Pensando alla mia prima infanzia ricordo dei racconti di mia madre rispetto agli anni delle scuole materne. Io e mio fratello minore frequentavamo lo stesso asilo, avendo solo un anno di differenza. Eravamo entrambi molto vivaci, e spesso ci scatenavamo a discapito delle maestre che esigevano invece disciplina.

Adoravo giocare con le costruzioni, e impegnavo gran parte delle mie giornate nello svolgimento di quest’attività, con conseguente rammarico della maestra che voleva che mi attivassi anche in altri giochi.

Il mio primo vero ricordo d’infanzia risale a quando avevo cinque anni. Ero in bagno a fissare le scatole di scarpe dell’intera famiglia e iniziai a sentire delle voci che ce l’avevano con me, ma non ricordo il perché.

Da piccolo spesso giocavo a casa mia con altri bambini del palazzo. All’epoca abitavo in un’altra città. Mi ero trasferito lì con la mia famiglia da quando avevo sei anni e ci sono rimasto fino ai nove anni.
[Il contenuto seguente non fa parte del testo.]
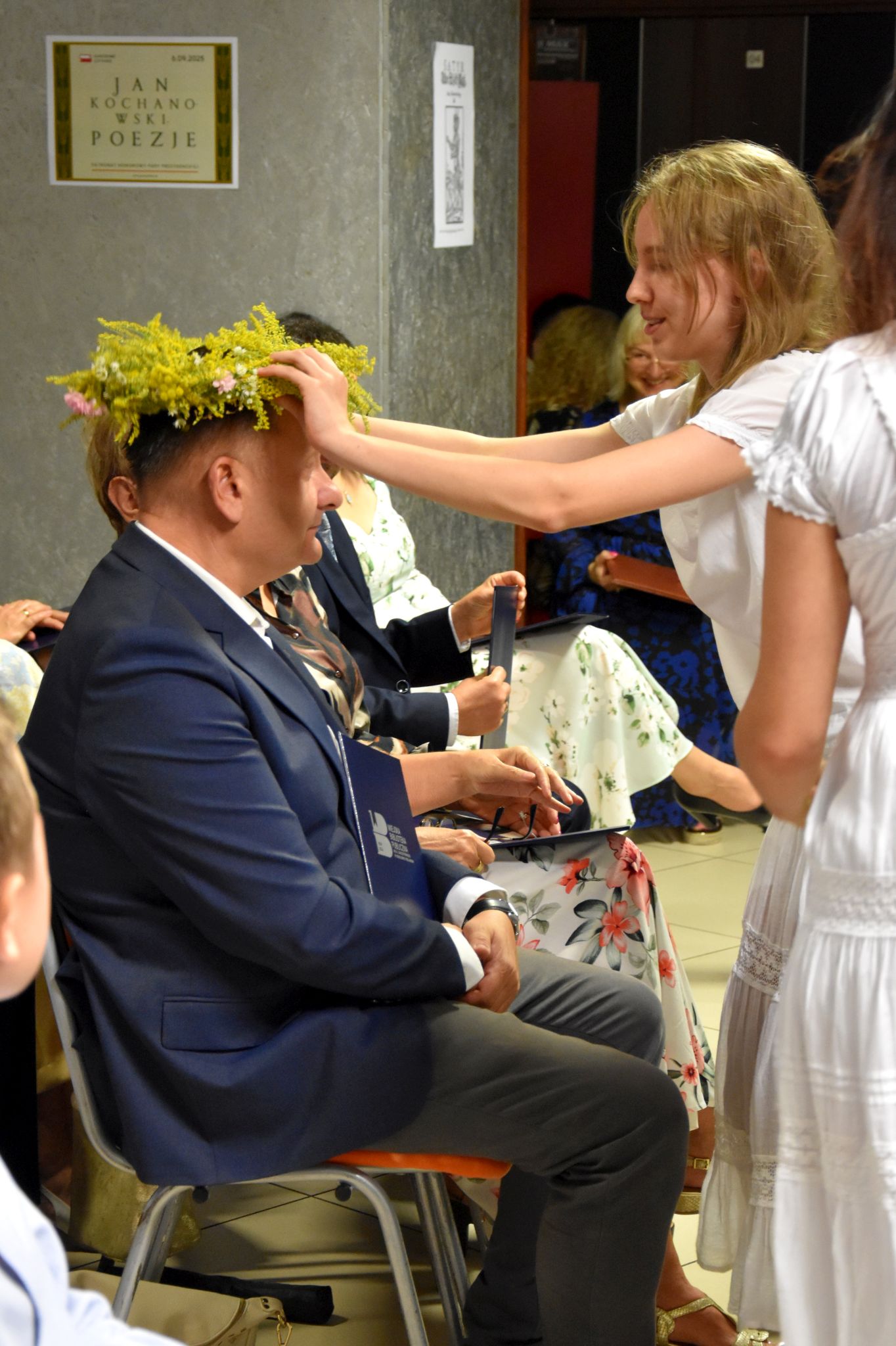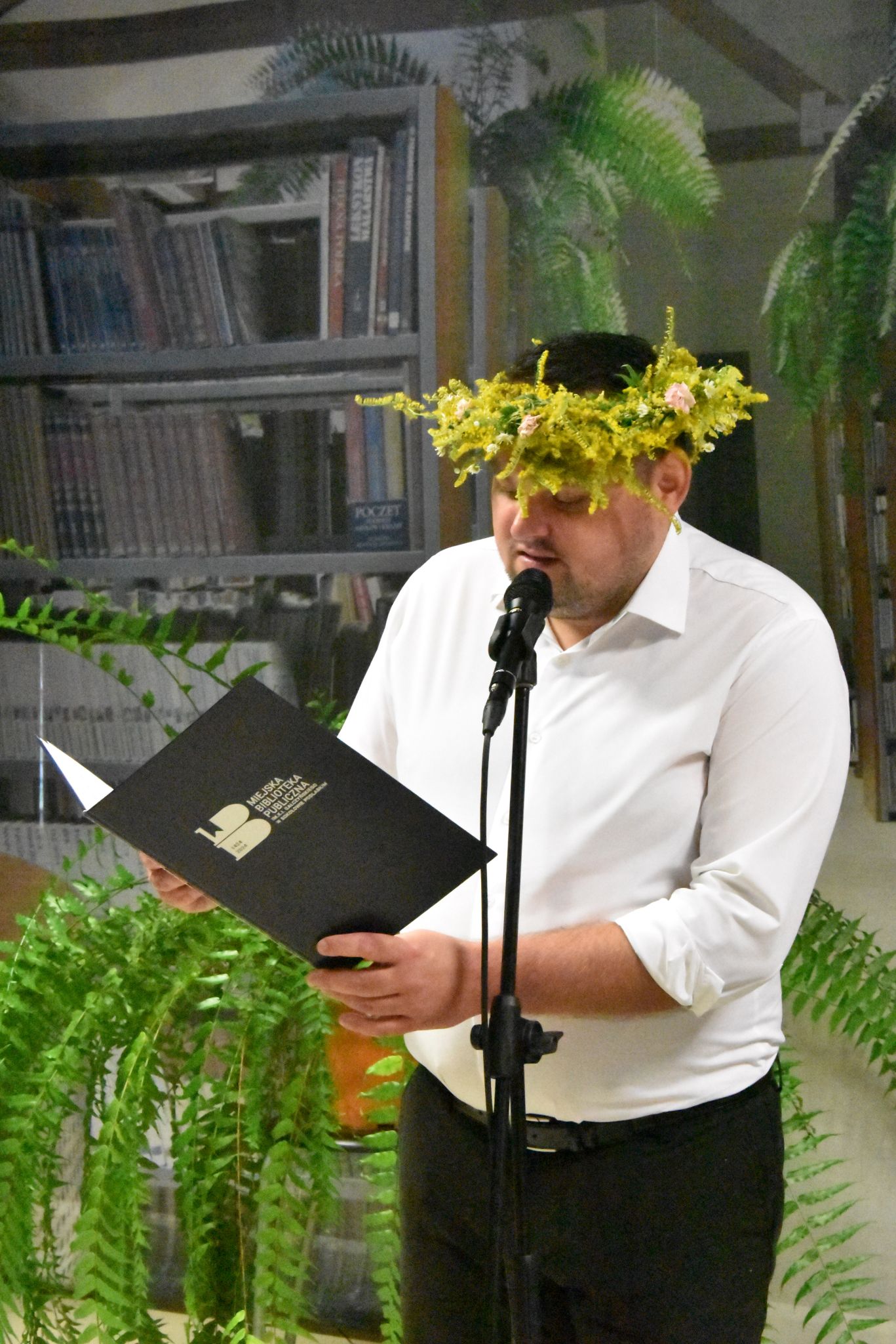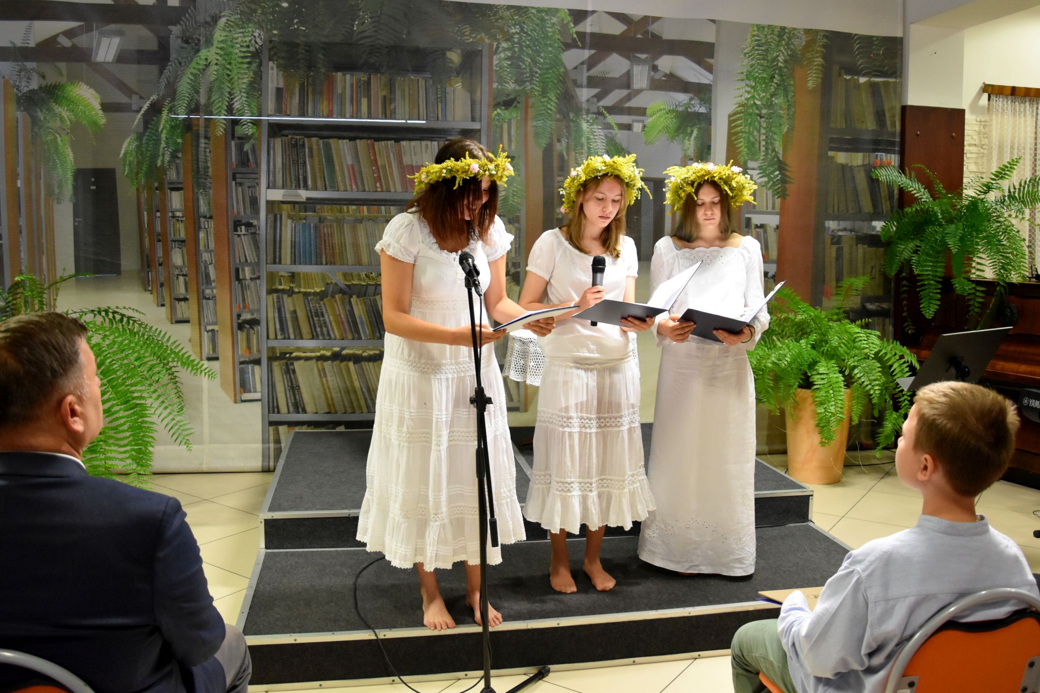 Dzieci i Młodzież z Bibliotecznej Grupy Teatralnej „Wiraż” – Franciszek Kryszczuk (narrator), Agata Kwapisz, Oliwia Flakowska, Wiktoria Pomarańska przeczytali fragmenty „Pieśni Świętojańskiej o Sobótce. Po występie dziewczęta ofiarowały wianki wybranym mężczyznom.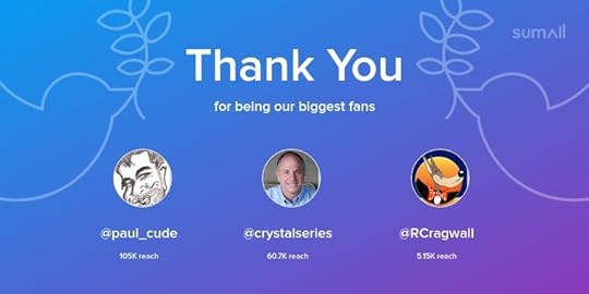 Our biggest fans this week: @paul_cude, @crystalseries, @RCragwall. Thank you! via https://sumall.com/thankyou?utm_source=twitter&utm_medium=publishing&utm_campaign=thank_you_tweet&utm_content=text_and_media&utm_term=23ed86f611cccca4a0bc28d9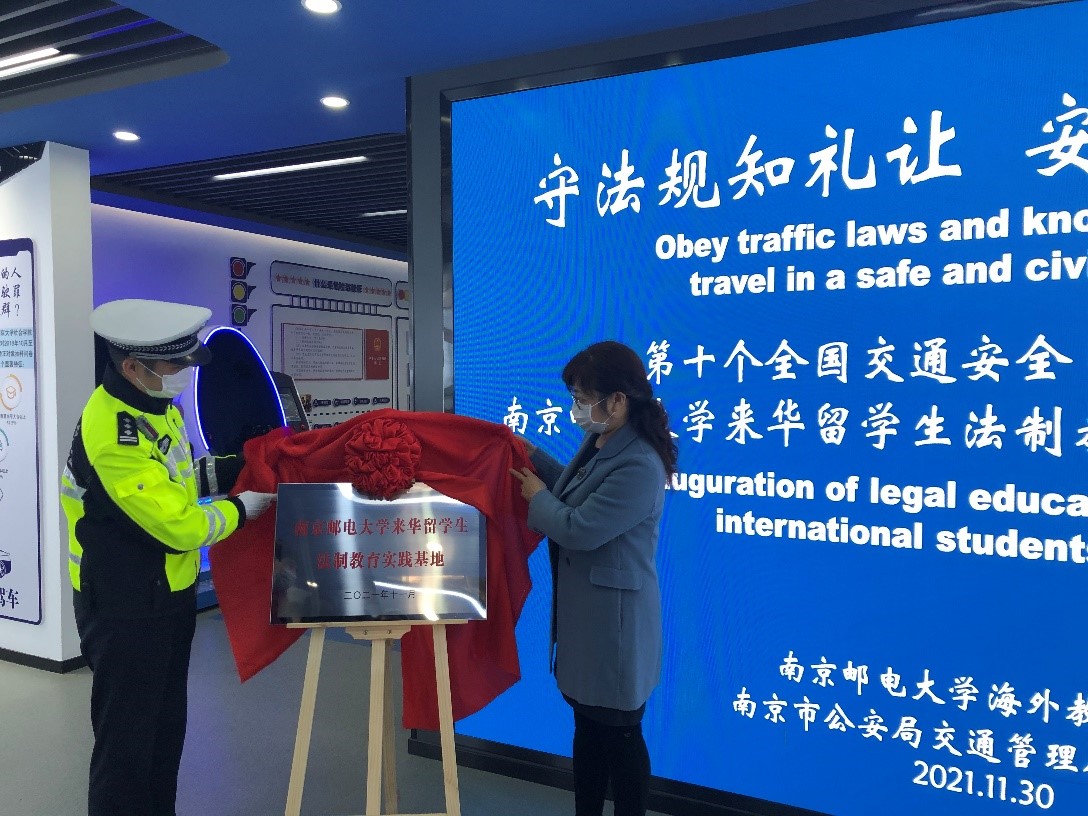 2021年11月30日下午,南京邮电大学来华留学生法制教育实践基地揭牌仪式在南京市交通安全违法犯罪警示教育基地举行。南京市交通管理局第七大队副大队长王立、南京邮电大学海外教育学院院长王瑛、副院长汤美玲共同出席了揭牌仪式。

La casa in cui vivevamo era molto grande. Dormivo in stanza con mio fratello piccolo, mentre il maggiore aveva una stanza tutta per sé, che condivideva solo con un bel gattino di nome Gimmy.

La stanza che preferivo era il salotto, che spesso diventava luogo dei giochi con mio fratello minore; mi divertivo a realizzare capanne con le poltrone.

Mia madre ci regalò un biliardino con il quale giocavamo spesso, assieme ai nostri amici…

Tra i miei ricordi più belli del periodo infantile ci sono le passeggiate domenicali al luna-park, e al lungomare, dove mi divertivo a vedere i polipetti attaccati agli scogli. Un giocattolo mi è rimasto impresso nella mente: era un aggeggio con una cordicella che se tirata dava la spinta a girare ad un’elica che saliva su in cielo, e più si tirava con forza più essa saliva in alto. Era il mio giocattolo preferito e adoravo vederlo salire sempre più su.

Un’altra mia passione, che coltivo fin da quando ero piccolo è andare in bici. Imparai ad andare in bicicletta senza rotelle all’età di sei anni, come accade per molti bambini, grazie a mio padre. Ricordo di quella volta in cui mio padre mi lasciò provare la bici senza il suo supporto: andai a finire in un campo di spighe e inveii contro di lui.

Spesso usavo la bici nel giardino del nostro condominio; colui che si occupava della manutenzione della mia bici era mio fratello maggiore, ad un prezzo però: era solito darla in prestito ad un conoscente, con cui tuttavia io non avevo niente a che fare, affinché ricevesse in cambio dei ciondolini, o almeno era così che mi diceva di dire se qualcuno mi avesse chiesto qualcosa.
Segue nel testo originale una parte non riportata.